Inference time for Mixtral-8x7B model is slowing down with every new request
System Info
GPUs: 2xA100 PCI-e
Who can help?
@kaiyux
Information
- [X] The official example scripts
- [ ] My own modified scripts
Tasks
- [X] An officially supported task in the
examplesfolder (such as GLUE/SQuAD, ...) - [X] My own task or dataset (give details below)
Reproduction
Using the sources from the branch corresponding to the v0.7.1 tag
Building the model:
python ../llama/build.py --model_dir ./Mixtral-8x7B-v0.1 \
--use_inflight_batching \
--enable_context_fmha \
--use_gemm_plugin \
--world_size 2 \
--pp_size 2 \
--output_dir ./trt_engines/mixtral/PP
Following steps from here to pack it into triton inference server.
Sending such requests:
headers = {
"Content-Type": "application/json",
}
data = {
"text_input": "Generate a random text up the max number of new tokens",
"max_tokens": 300,
"bad_words": "",
"stop_words": ""
}
response = requests.post('.../v2/models/tensorrt_llm_bls/generate', headers=headers, json=data)
Expected behavior
TensorRT gives better performance than TGI (~2.5RPS for quantized model with 300 output tokens)
actual behavior
glebvazhenin@RYG7YPT4W7 ~ % k6 run script.js
/\ |‾‾| /‾‾/ /‾‾/
/\ / \ | |/ / / /
/ \/ \ | ( / ‾‾\
/ \ | |\ \ | (‾) |
/ __________ \ |__| \__\ \_____/ .io
execution: local
script: script.js
output: -
scenarios: (100.00%) 1 scenario, 250 max VUs, 8m30s max duration (incl. graceful stop):
* contacts: Up to 6.00 iterations/s for 8m0s over 3 stages (maxVUs: 250, gracefulStop: 30s)

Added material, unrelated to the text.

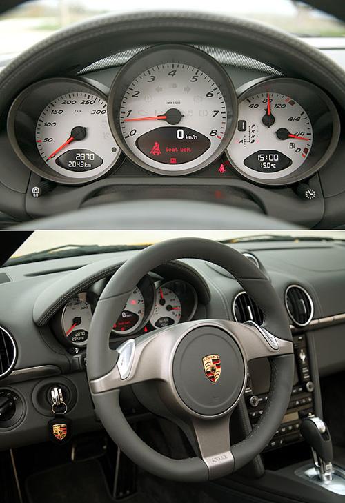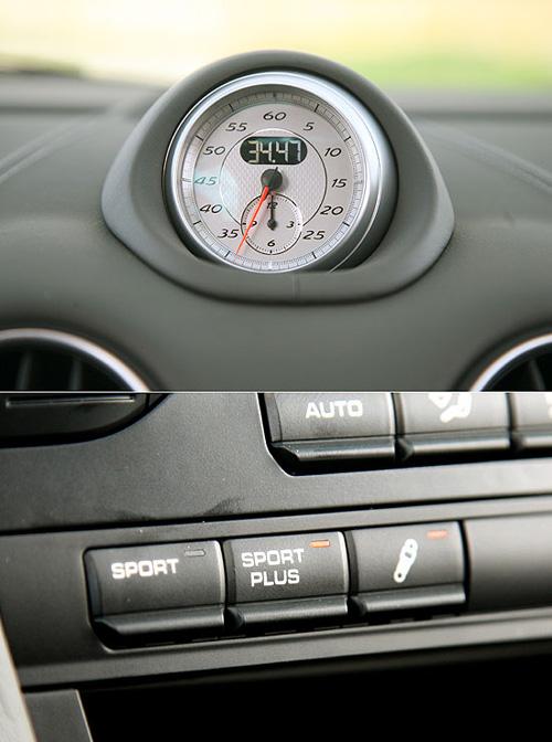而中控臺上方的指針式馬表,正是在911小改款上所試用過的Sport Chorono Package Plus系統(tǒng),這次保時(shí)捷亦提供Boxster的車主選購。同樣的,使用者只要按下中抬臺上的Sport Plus按鍵,便可以在計(jì)算機(jī)的協(xié)助下,享受6000轉(zhuǎn)無失誤起步以及性能化的換檔控制。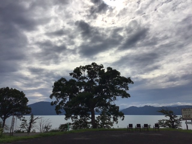 今日の田沢湖は朝から曇っています。

INFO[0014] String input: Generate a random text up the max number of new tokens
INFO[0014] Status: 200 source=console
INFO[0014] Response time: 5970.938 ms source=console
INFO[0014] Generated tokens: ...
INFO[0020] Status: 200 source=console
INFO[0020] Response time: 8742.619 ms source=console
INFO[0020] Generated tokens: ...
INFO[0026] Status: 200 source=console
INFO[0026] Response time: 12220.316 ms source=console
INFO[0026] Generated tokens: ...
INFO[0032] Status: 200 source=console
INFO[0032] Response time: 16089.603 ms source=console
INFO[0032] Generated tokens: ...
INFO[0037] Status: 200 source=console
INFO[0037] Response time: 20116.343 ms source=console
INFO[0037] Generated tokens: ...
INFO[0043] Status: 200 source=console
INFO[0043] Response time: 24414.768 ms source=console
INFO[0043] Generated tokens: ...
INFO[0049] Status: 200 source=console
INFO[0049] Response time: 28801.644 ms source=console
INFO[0049] Generated tokens: ...
INFO[0055] Status: 200 source=console
INFO[0055] Response time: 33385.066 ms source=console
INFO[0055] Generated tokens: ...
As you may see, the response time is quickly increasing. Moreover, it won't fall back after the requests are processed, it feels like they're stuck within the model until the container with triton is restarted. Also, the GPU voltage stays high after that load (even after some time the load is released).
additional notes
Not sure if that's a triton problem or a TensorRT-LLM though. Any pointer to take a look at would be much appreciated. Thanks!